Consider the listing below. Extract exactly the lines from the line containing "4、整理完衣物后,來到洗手消毒間,進(jìn)行洗手、烘干、消毒。" to the line containing "Chaleco con cuello", both included.

Exercise materials:

━━━━━━━━━━━━━━━━━━━━━━━━━━━━━━

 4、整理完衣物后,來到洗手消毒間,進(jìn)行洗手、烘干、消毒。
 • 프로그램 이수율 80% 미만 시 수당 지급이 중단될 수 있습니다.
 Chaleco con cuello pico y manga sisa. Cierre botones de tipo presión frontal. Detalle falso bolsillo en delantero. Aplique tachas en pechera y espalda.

━━━━━━━━━━━━━━━━━━━━━━━━━━━━━━

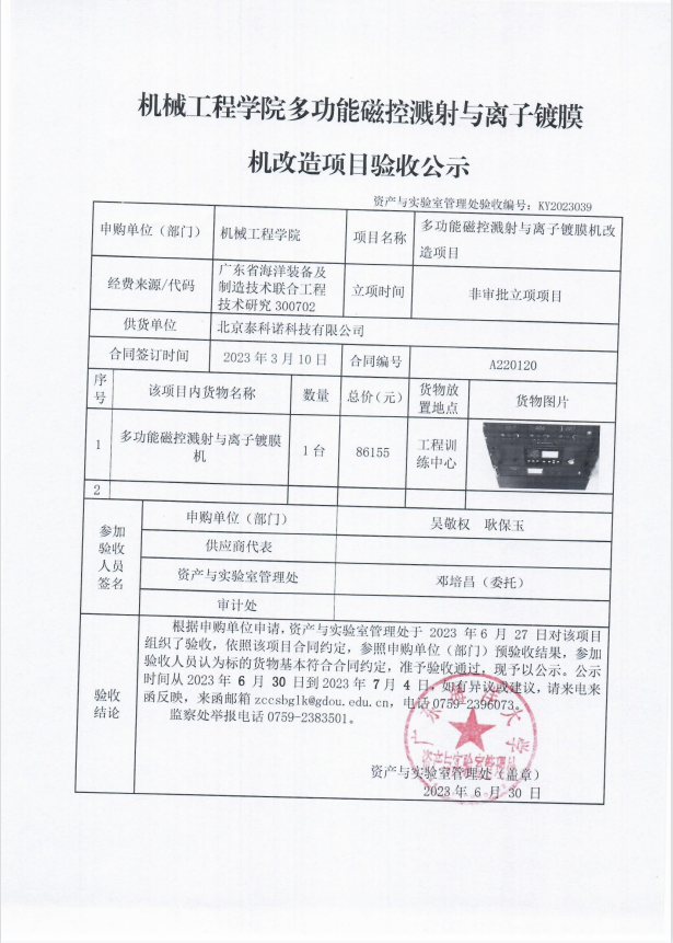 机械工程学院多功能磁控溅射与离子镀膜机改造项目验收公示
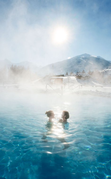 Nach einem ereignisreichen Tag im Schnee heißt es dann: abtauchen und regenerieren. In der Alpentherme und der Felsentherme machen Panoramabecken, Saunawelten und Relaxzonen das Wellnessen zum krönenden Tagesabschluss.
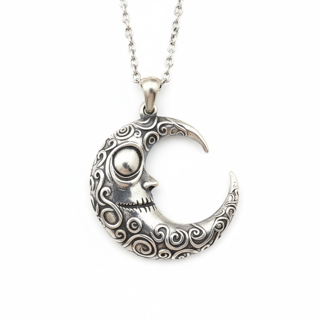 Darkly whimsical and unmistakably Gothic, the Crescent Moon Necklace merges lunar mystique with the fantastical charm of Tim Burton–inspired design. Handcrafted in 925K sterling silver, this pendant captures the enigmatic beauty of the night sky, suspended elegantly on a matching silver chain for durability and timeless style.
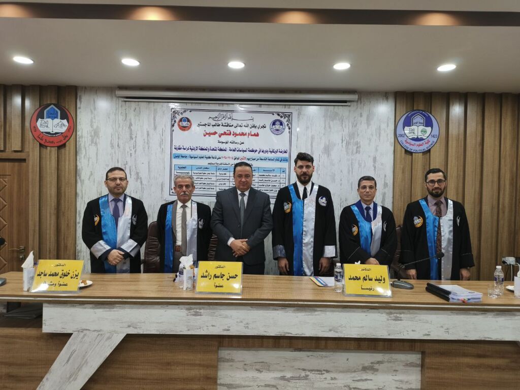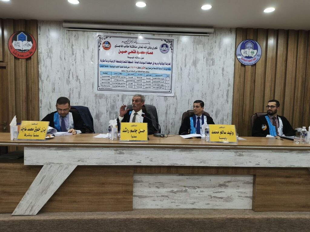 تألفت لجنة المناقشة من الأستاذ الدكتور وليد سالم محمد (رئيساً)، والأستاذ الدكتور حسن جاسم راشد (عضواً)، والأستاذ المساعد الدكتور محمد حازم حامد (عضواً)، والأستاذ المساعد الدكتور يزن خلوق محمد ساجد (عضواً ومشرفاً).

━━━━━━━━━━━━━━━━━━━━━━━━━━━━━━

Solution below:
 4、整理完衣物后,來到洗手消毒間,進(jìn)行洗手、烘干、消毒。
 • 프로그램 이수율 80% 미만 시 수당 지급이 중단될 수 있습니다.
 Chaleco con cuello pico y manga sisa. Cierre botones de tipo presión frontal. Detalle falso bolsillo en delantero. Aplique tachas en pechera y espalda.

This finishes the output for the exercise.